Obviously, the intervals \([l_i,r_i]\) are distinct. So we can just let \(x_i=i\) and finally multiply the answer by \(n!\).

Consider the uniqueness of bipartite graph matching. Fix a perfect matching, it is equivalent to not existing augmenting cycles.

We claim that \(l,r\) is good if and only if there isn’t \(i,j\), such that \(1\le i<j\le n,r_i\ge j,l_j\le i\). It means there is no cycle of length \(2\).

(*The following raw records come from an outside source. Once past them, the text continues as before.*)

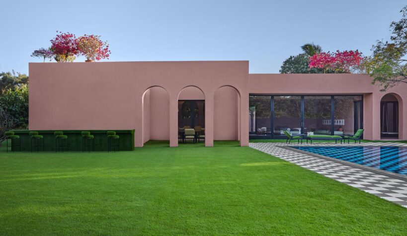 Embark on a spiritual journey at Casa Del. Tucked away amid swaying palms in Alibaug, the villa is an invitation to think deeply. Architect Pinakin Patel uses clean lines and soft curves to craft contemplative spaces that let you breathe. The five ensuite bedrooms are minimally decorated with elegant pieces and statement artwork. The Dholpur red stone colours the entire villa in a shade that is both soothing and inspiring. Enjoy a meditative day as sunlight and birdsong bathe the villa, which by night transforms into a dynamic space brought alive by the evening lights.
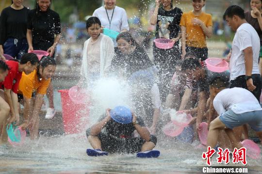 水龙狂欢现场,青年男女互相泼水为戏,用脸盆、水瓢乃至水桶盛水,嫔戏追逐,逢人便泼。民间认为,这是吉祥的水,祝福的水,可以消灾除病,所以人们尽情地泼,尽情地浇,不论泼者还是被泼者,虽然从头到脚全身湿透,但还是异常高兴。
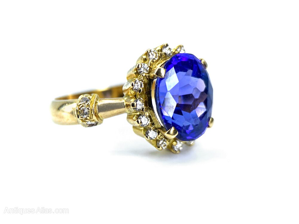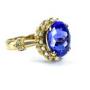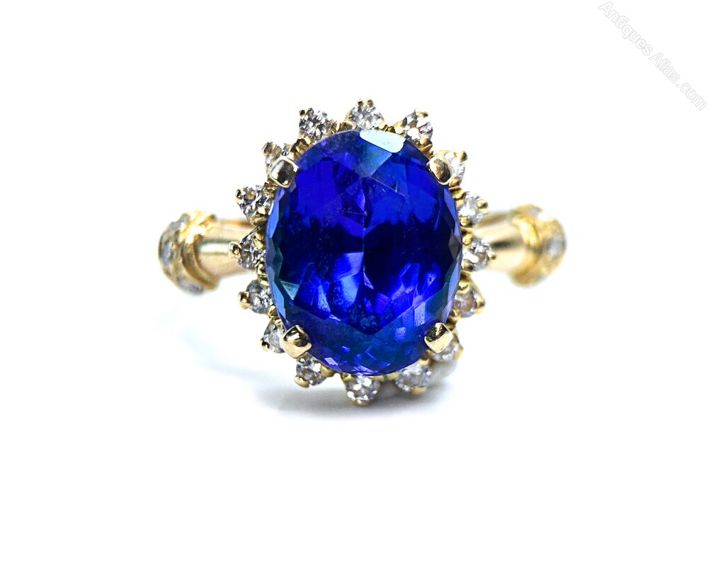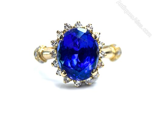This pretty ring has an oval tanzanite approximately 3.55 carats surrounded by 16 diamonds approximately 0.02 carats each and 6 more diamonds on the shoulders approximately 0.01 carats each totalling 0.38 carats. All set in 18 carat yellow gold. The setting measures 12.29 mm x 11.05mm across. The ring size is N 1/2 but we have a superb jeweller who can resize without a trace. Weight 5.94 grams.
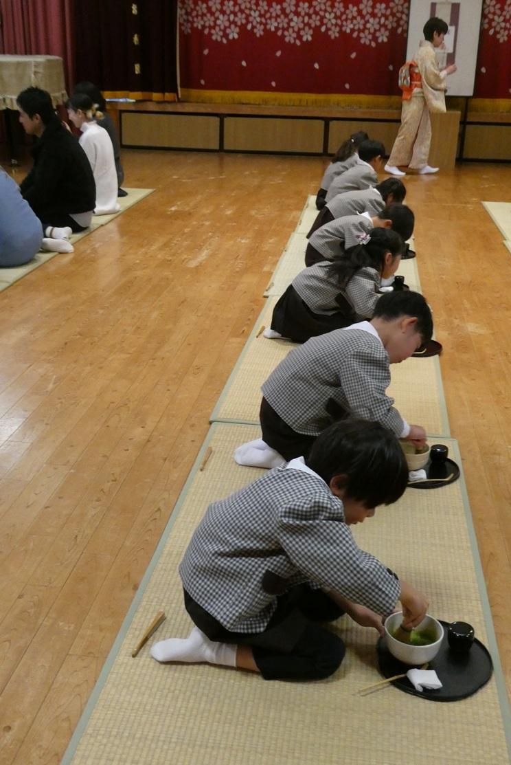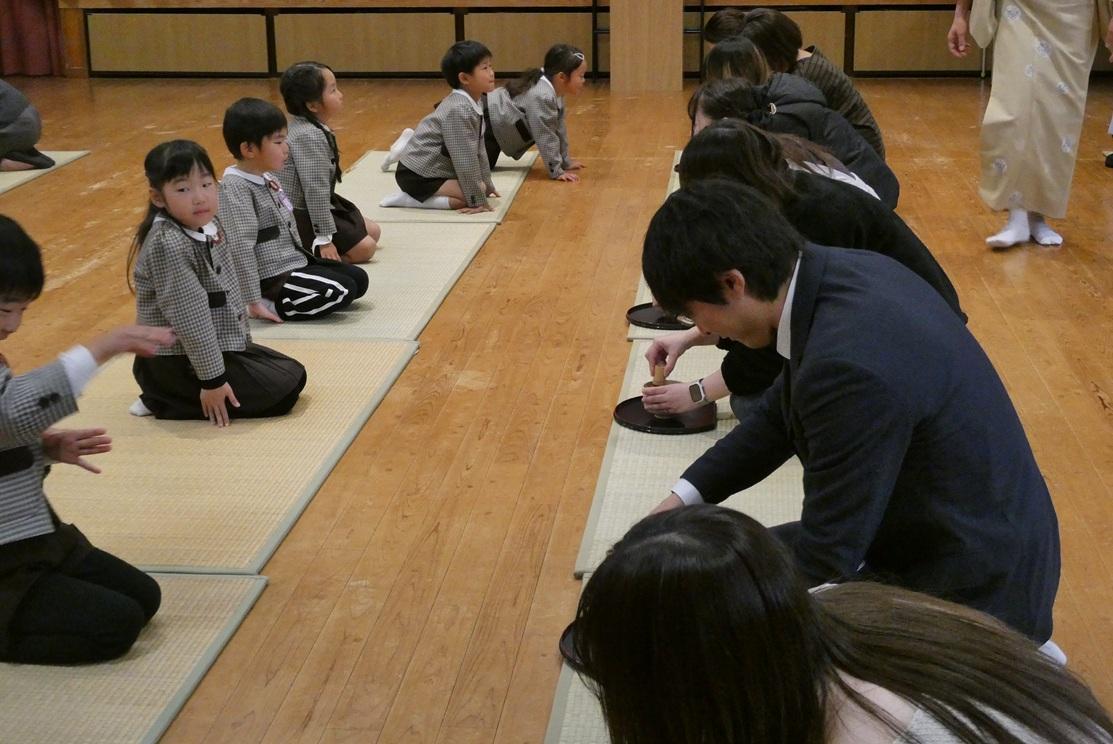 はじめは、子どもたちがこれまで学んできたことを保護者の方の目の前で披露しました。子どもたちは自分が点てたお茶を味わってもらい、どきどきしている様子がうかがえました。おうちの方の「おいしい!」という笑顔に子どもたちは嬉しかったようです。
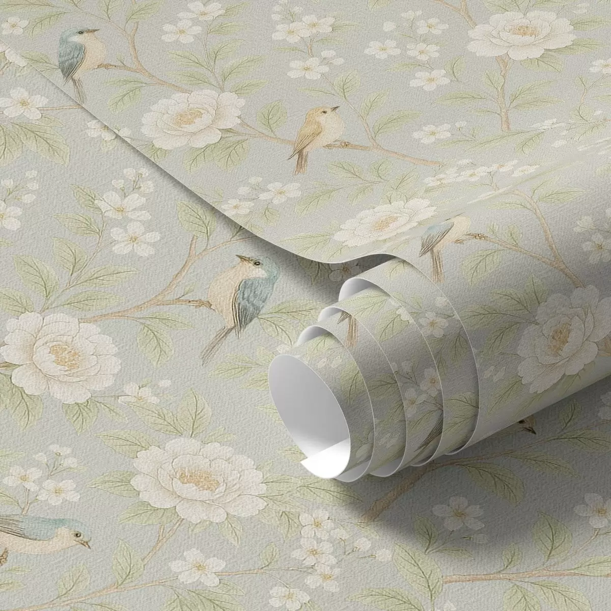 Papel pintado Pájaros entre flores blancas sobre un fondo gris verdoso Nr. a00583
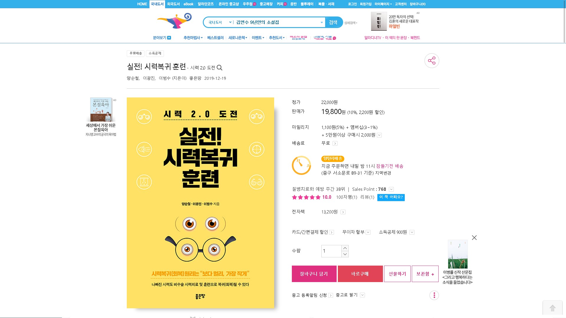 알라딘에서 실전!시력복귀훈련을 구매하시는 분은 아래링크를 참고 하시면 됩니다.
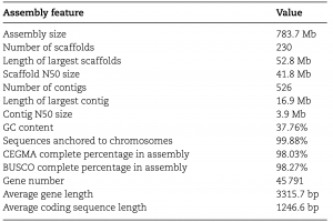 表1?野生枇杷基因組組裝統(tǒng)計及注釋
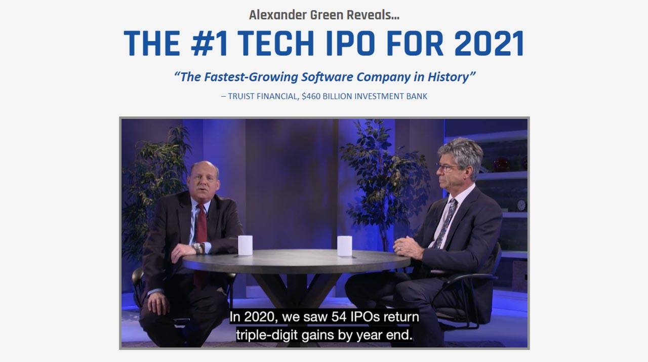 Alexander Green’s #1 Tech IPO for 2021: Alex has spotted a tech company that he believes will rise enormously over the next decade. He claims it’s one of the best investment opportunities he has ever spotted. He also claims to have identified a backdoor way of investing in the stock for as little as $5.
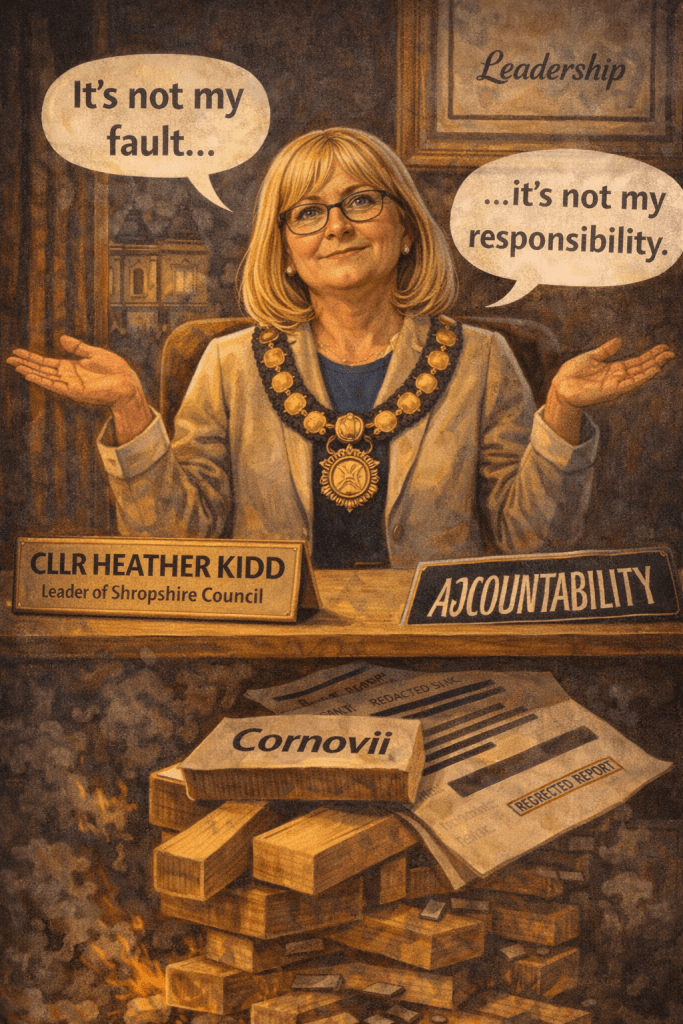 Cllr Heather Kidd, as Leader of Shropshire Council, presides over an administration that now describes collapse without authors.
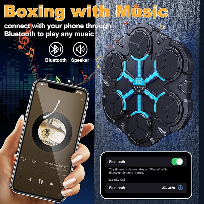 - [Fun & Engaging Fitness Experience] Combine music and boxing for a unique workout! This Wall Mounted Music Boxing Training Equipment turns exercise into an exciting, rhythm-driven activity. Release stress, burn calories, and enjoy a fun fitness party at home or in the gym.

Moreover, it can be proven that there will be no cycle under this condition.

View \(l\) as constraints on \(r\). \(\forall l_i\le j<i\), then \(r_j<i\) must hold.

Let \(a_i=\min\limits_{l_j\le i<j}j\) (if \(j\) doesn’t exist, then \(a_i=n+1\)). We need to calculate the sum of \(\prod (a_i-i)\) for all possible sequences of \(l\).

Fixing \(a\), we consider the number of \(l\) that generates \(a\).

The main idea is to consider all maximums of \(a\), and divide \(a\) into several independent parts.

Let \(f_{i,j}\) denote the answer when only considering \([i,j]\), requiring all \(a_i\dots a_j\le j+1\), with \(l_{j+1}\) determined (\(l_{j+1}<i\)). Let \(g_{i,j}\) denote the answer when \(l_{j+1}\) is undetermined (\(l_{j+1}\ge i\)). Particularly, \(f_{i+1,i}=g_{i+1,i}=1\).

The final answer is \(f_{1,n}\).

Find the smallest \(k\) such that \(i\le k\le j\) and \(a_k=j+1\) (obviously \(a_j=j+1\), then such \(k\) exists). Now \([i,k-1]\) and \([k+1,j]\) are independent subproblems. Thus, we have:

\[ f_{i,j}=\sum\limits_{i\le k\le j}(j-k+1)g_{i,k-1}f_{k+1,j}\\ g_{i,j}=\sum\limits_{i\le k\le j}(k-i+1)(j-k+1)g_{i,k-1}f_{k+1,j} \]

Furthermore, \(f_{i,j}\) is only related to \(j-i+1\), thus it can be rewritten as follows:

\[ f_i=\sum\limits_{1\le j\le i}(i-j+1)g_{j-1}f_{i-j}\\ g_i=\sum\limits_{1\le j\le i}j(i-j+1)g_{j-1}f_{i-j} \]

Brute force runs in \(O(n^2)\) and is allowed to pass. DC & FFT solution runs in \(O(n\log^2 n)\).